Your copy should hold only the lines from the one with "Blade length of" to the one with "11.人生总要有所目标,有所", both included, each exactly as it stands below, with no pictures.

# EXERCISE DATA:
^^^^

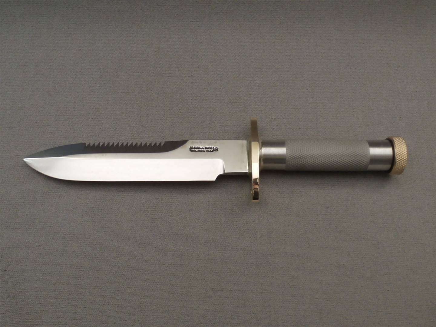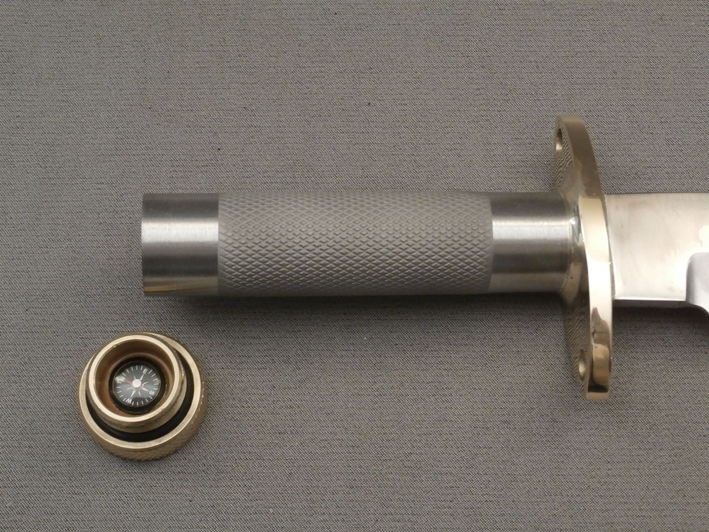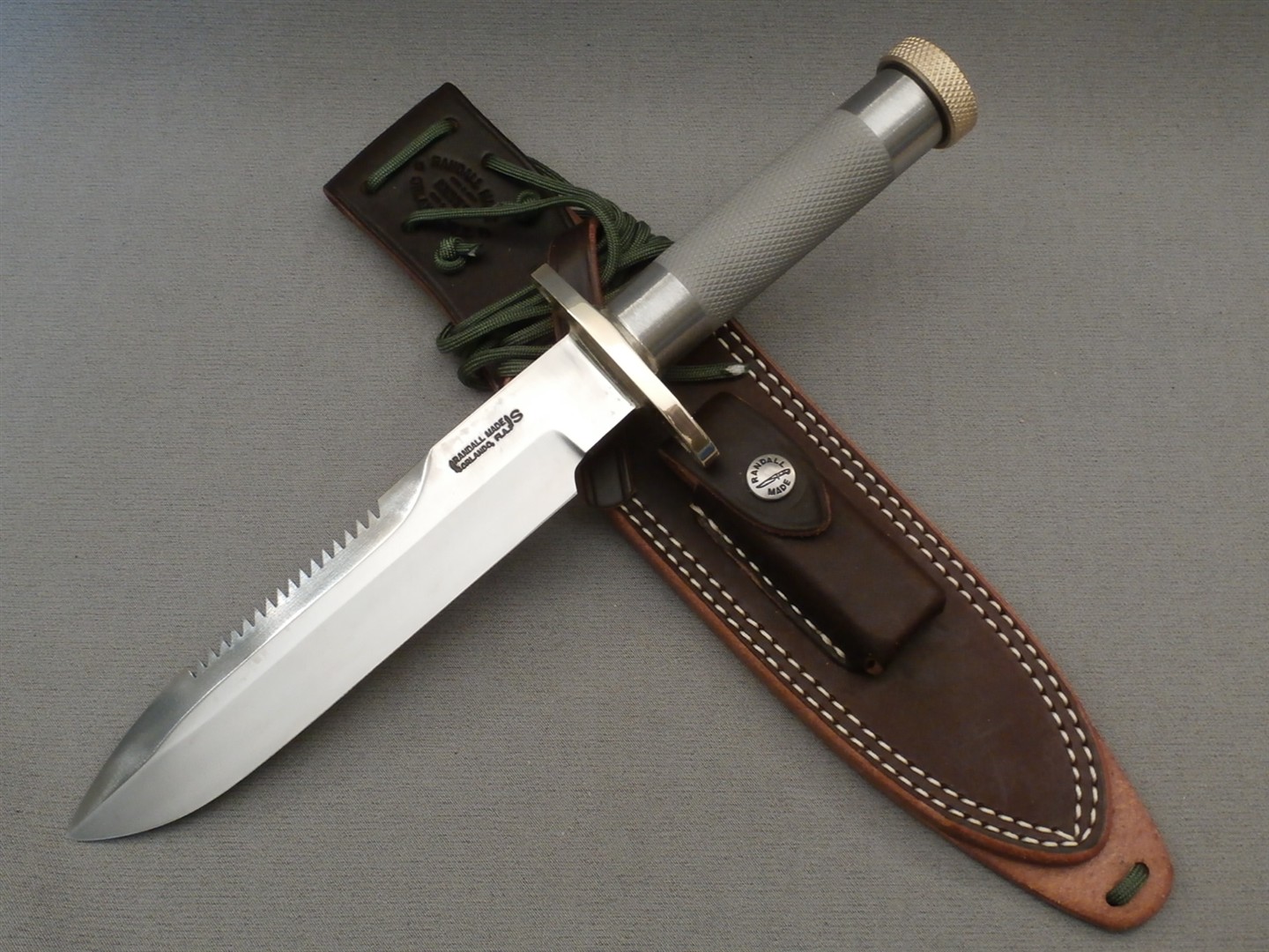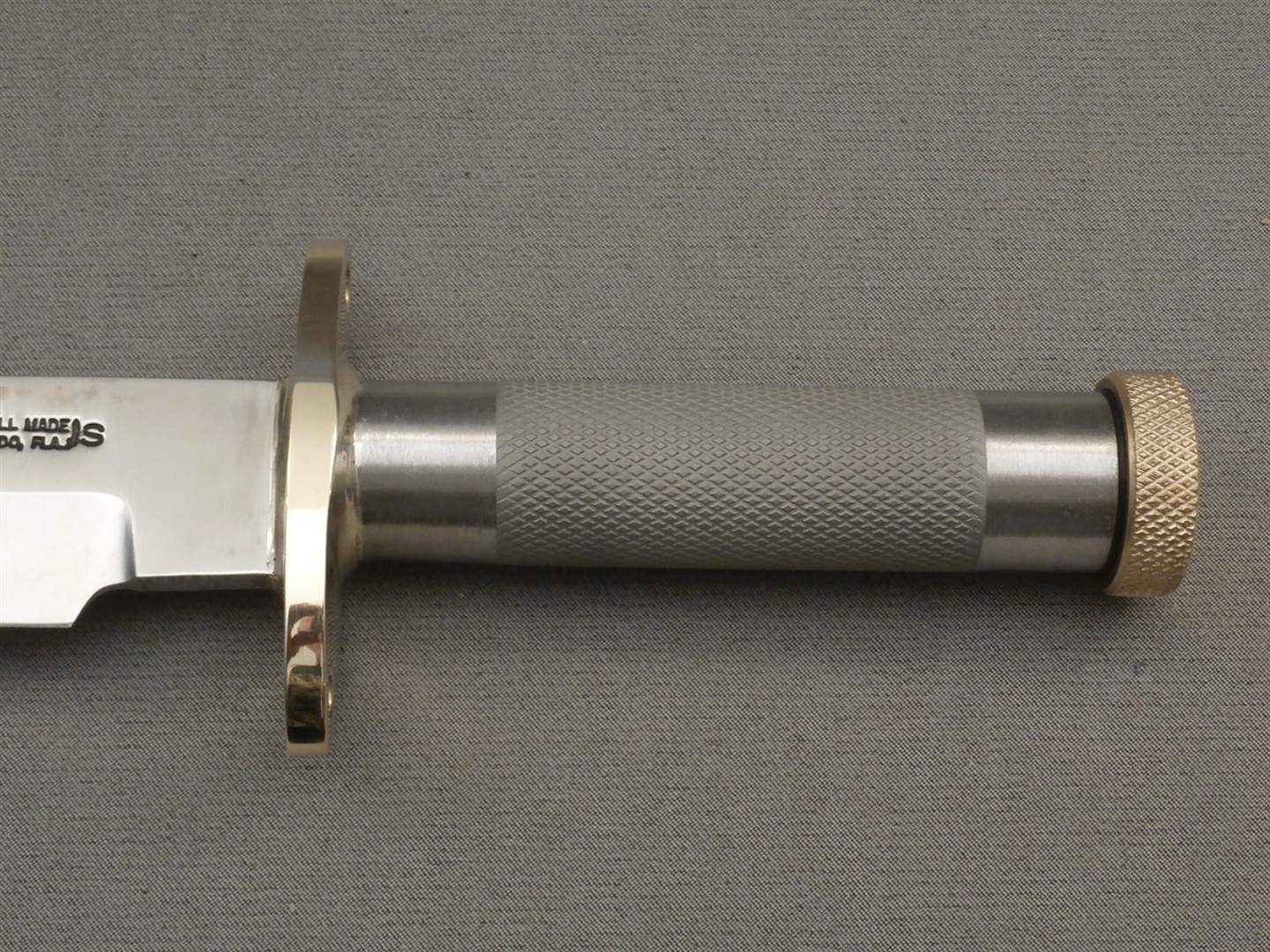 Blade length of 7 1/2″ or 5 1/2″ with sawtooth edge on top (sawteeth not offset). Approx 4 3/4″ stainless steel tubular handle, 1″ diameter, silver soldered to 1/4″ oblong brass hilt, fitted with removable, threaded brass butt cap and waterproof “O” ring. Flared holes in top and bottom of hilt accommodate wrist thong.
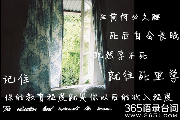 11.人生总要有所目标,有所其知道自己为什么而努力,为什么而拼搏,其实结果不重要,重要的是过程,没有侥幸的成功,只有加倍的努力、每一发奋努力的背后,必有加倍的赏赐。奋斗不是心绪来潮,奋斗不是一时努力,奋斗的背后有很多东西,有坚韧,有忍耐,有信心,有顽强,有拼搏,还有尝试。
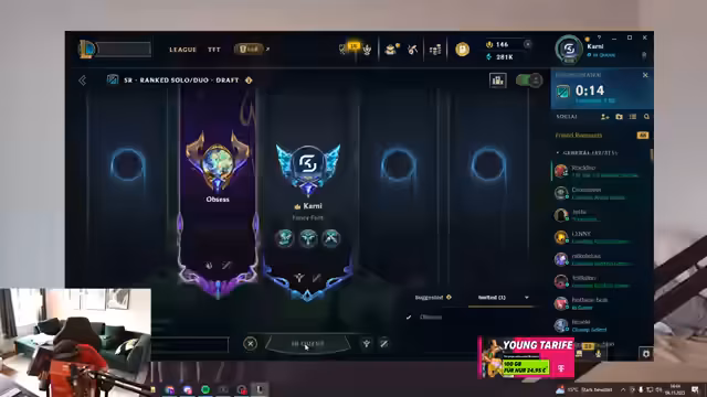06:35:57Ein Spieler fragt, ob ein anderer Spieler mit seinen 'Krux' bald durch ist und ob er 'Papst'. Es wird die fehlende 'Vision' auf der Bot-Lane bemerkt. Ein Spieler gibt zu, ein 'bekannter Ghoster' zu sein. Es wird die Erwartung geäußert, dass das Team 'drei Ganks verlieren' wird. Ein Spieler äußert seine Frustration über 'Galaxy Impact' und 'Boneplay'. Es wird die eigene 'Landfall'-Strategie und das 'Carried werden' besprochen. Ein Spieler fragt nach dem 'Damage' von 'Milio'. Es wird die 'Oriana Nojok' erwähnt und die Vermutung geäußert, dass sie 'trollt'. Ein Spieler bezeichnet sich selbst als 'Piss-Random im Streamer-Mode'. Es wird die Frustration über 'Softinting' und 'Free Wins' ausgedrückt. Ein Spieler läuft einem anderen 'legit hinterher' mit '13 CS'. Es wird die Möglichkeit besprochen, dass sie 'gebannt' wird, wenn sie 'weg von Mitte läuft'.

^^^^

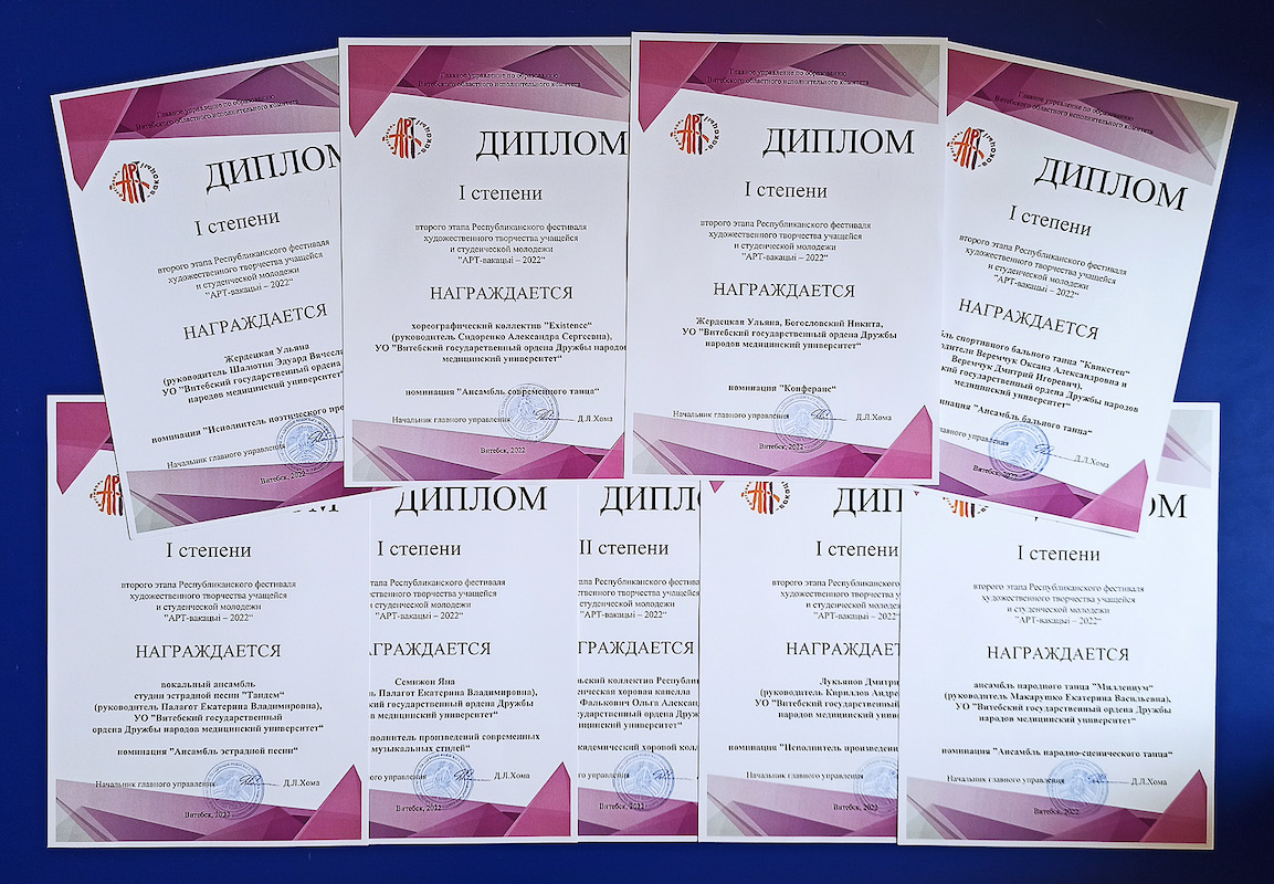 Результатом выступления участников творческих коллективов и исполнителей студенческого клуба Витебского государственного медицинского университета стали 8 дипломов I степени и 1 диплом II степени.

^^^^

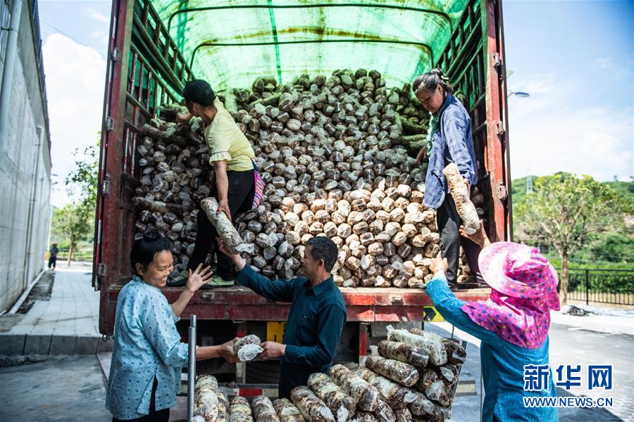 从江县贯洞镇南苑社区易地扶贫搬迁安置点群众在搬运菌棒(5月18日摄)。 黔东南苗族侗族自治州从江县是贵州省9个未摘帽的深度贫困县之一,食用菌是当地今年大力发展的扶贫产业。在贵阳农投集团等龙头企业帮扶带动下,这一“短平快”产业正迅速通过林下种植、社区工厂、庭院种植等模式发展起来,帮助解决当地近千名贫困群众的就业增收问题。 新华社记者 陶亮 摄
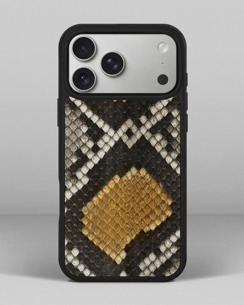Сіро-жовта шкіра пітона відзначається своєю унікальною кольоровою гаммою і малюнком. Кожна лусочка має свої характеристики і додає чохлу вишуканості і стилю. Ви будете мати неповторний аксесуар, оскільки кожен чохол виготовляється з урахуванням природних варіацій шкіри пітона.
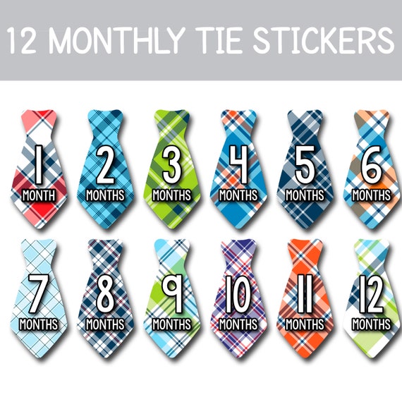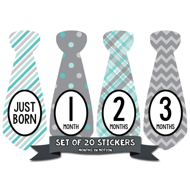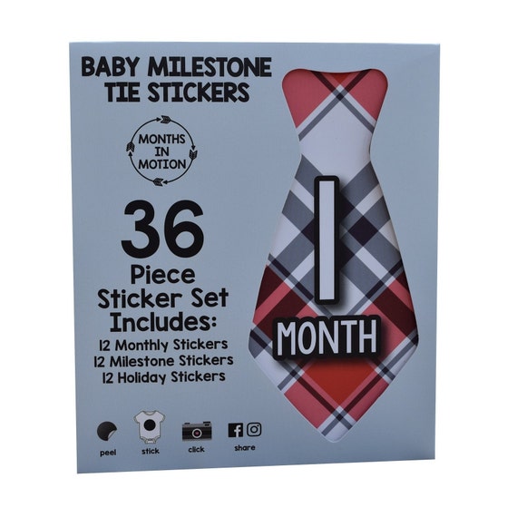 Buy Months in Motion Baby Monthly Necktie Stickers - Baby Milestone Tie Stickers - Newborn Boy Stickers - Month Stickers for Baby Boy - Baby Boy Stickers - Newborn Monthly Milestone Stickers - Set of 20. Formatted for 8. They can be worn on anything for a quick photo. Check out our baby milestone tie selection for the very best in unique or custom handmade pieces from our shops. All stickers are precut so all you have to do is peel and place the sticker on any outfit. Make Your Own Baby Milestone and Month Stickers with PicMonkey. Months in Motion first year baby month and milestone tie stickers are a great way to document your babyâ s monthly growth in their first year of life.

^^^^

# ANSWER SPACE:
 Blade length of 7 1/2″ or 5 1/2″ with sawtooth edge on top (sawteeth not offset). Approx 4 3/4″ stainless steel tubular handle, 1″ diameter, silver soldered to 1/4″ oblong brass hilt, fitted with removable, threaded brass butt cap and waterproof “O” ring. Flared holes in top and bottom of hilt accommodate wrist thong.
 11.人生总要有所目标,有所其知道自己为什么而努力,为什么而拼搏,其实结果不重要,重要的是过程,没有侥幸的成功,只有加倍的努力、每一发奋努力的背后,必有加倍的赏赐。奋斗不是心绪来潮,奋斗不是一时努力,奋斗的背后有很多东西,有坚韧,有忍耐,有信心,有顽强,有拼搏,还有尝试。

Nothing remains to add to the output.